ENTRIES SHOWN section start

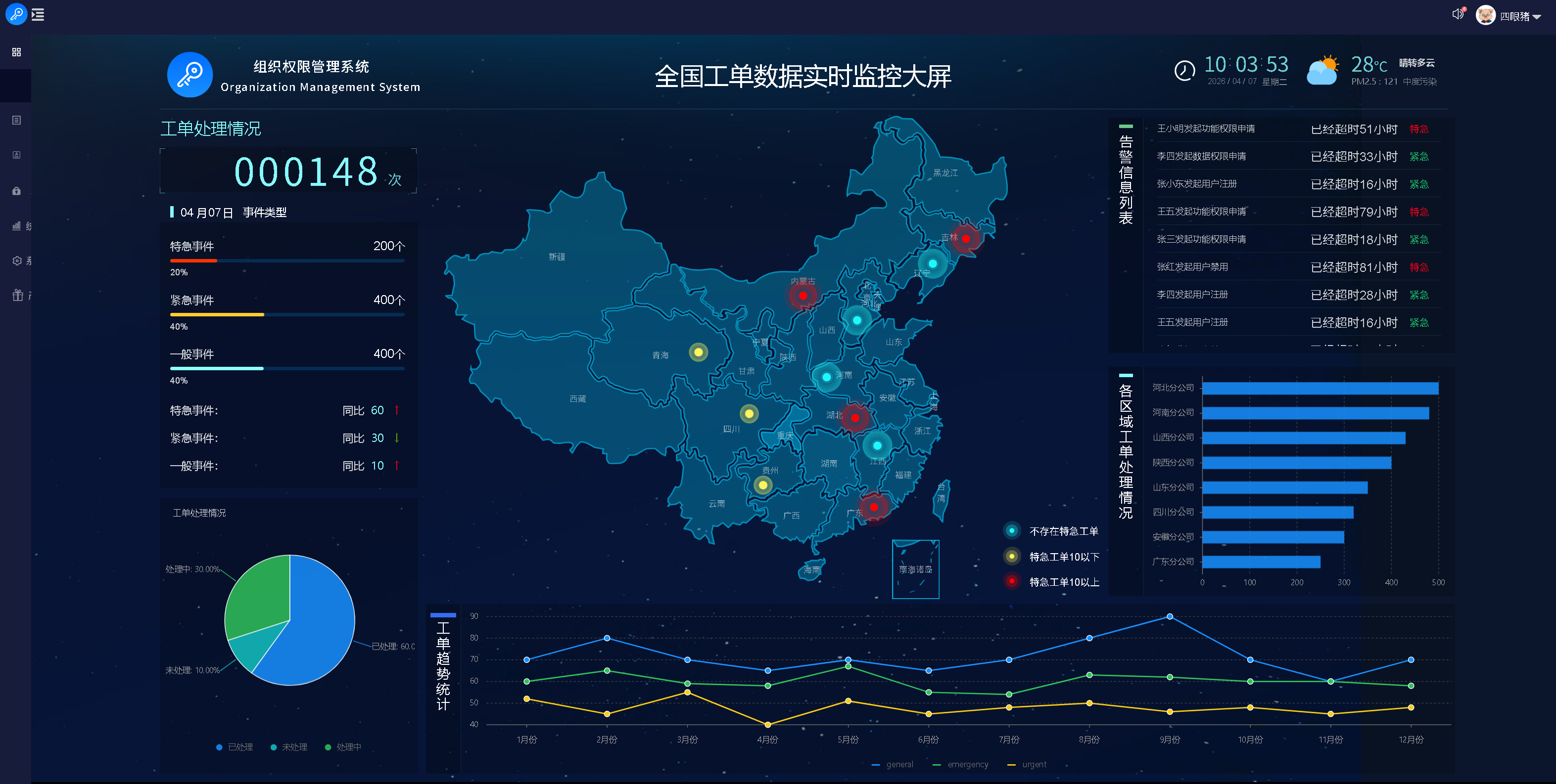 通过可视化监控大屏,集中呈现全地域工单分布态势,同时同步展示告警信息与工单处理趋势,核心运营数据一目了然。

ENTRIES SHOWN section end
ENTRIES SHOWN section start

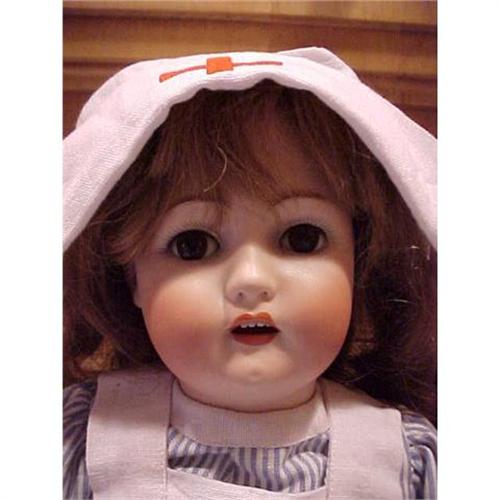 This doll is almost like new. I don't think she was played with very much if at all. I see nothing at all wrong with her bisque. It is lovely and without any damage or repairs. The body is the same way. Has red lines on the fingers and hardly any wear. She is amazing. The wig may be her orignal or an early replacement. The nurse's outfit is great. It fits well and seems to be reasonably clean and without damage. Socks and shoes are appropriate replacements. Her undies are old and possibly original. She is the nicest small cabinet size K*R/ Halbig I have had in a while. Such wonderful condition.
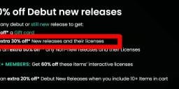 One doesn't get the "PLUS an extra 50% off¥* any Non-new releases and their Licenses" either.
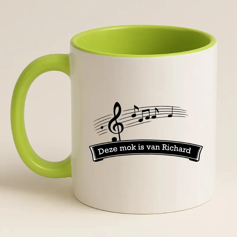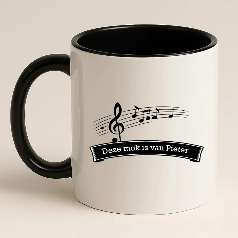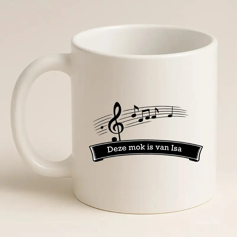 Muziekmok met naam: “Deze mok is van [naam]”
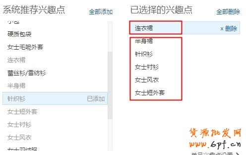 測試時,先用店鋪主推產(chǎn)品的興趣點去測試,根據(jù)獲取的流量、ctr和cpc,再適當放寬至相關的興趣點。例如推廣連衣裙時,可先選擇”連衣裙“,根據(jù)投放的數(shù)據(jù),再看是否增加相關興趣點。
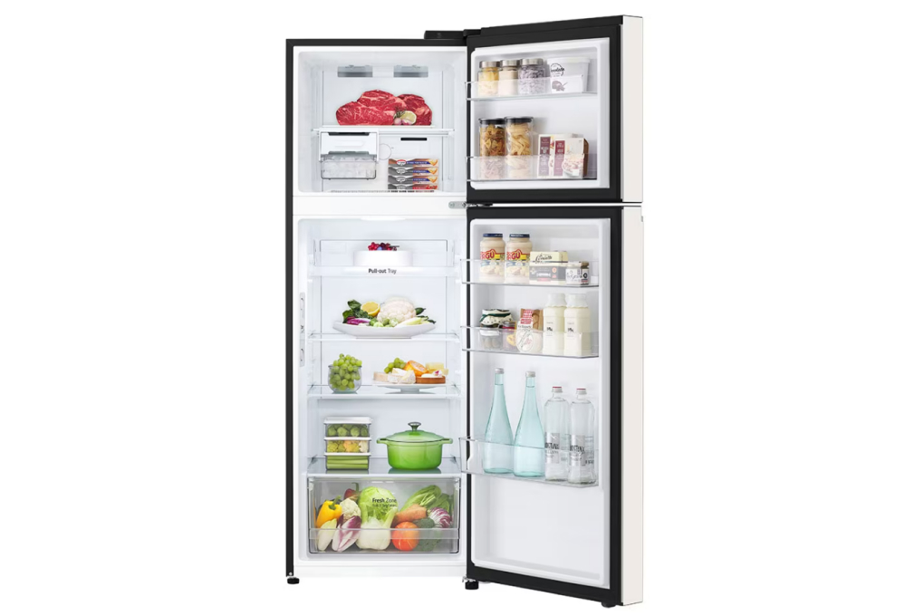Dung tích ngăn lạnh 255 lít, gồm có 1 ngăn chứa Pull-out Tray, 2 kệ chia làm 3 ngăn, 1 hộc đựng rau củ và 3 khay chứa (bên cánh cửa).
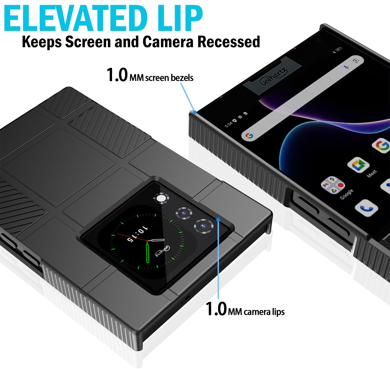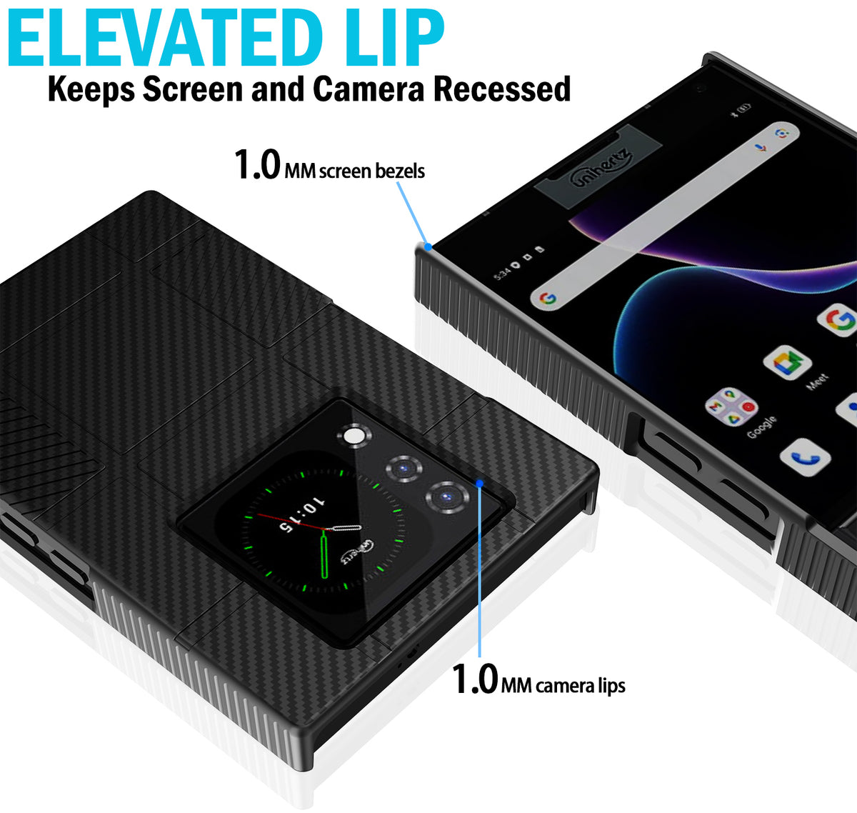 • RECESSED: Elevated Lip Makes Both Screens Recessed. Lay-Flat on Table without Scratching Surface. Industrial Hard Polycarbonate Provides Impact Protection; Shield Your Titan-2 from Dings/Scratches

ENTRIES SHOWN section end
ENTRIES SHOWN section start

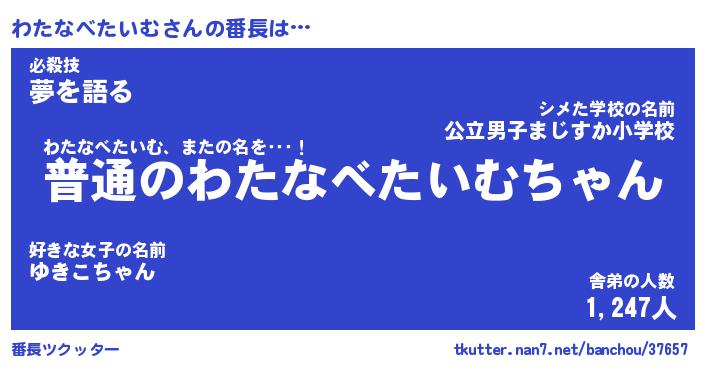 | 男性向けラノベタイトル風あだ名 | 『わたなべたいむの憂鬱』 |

ENTRIES SHOWN section end

TASK DETAILS
Out of the records above, return only the lines from the one with "測試時,先用店鋪主推產(ch" through the one with "Titan-2 from Dings/Scratches", exactly, and none of the pictures.

REPLY TO THE TASK
 測試時,先用店鋪主推產(chǎn)品的興趣點去測試,根據(jù)獲取的流量、ctr和cpc,再適當放寬至相關的興趣點。例如推廣連衣裙時,可先選擇”連衣裙“,根據(jù)投放的數(shù)據(jù),再看是否增加相關興趣點。
Dung tích ngăn lạnh 255 lít, gồm có 1 ngăn chứa Pull-out Tray, 2 kệ chia làm 3 ngăn, 1 hộc đựng rau củ và 3 khay chứa (bên cánh cửa).
 • RECESSED: Elevated Lip Makes Both Screens Recessed. Lay-Flat on Table without Scratching Surface. Industrial Hard Polycarbonate Provides Impact Protection; Shield Your Titan-2 from Dings/Scratches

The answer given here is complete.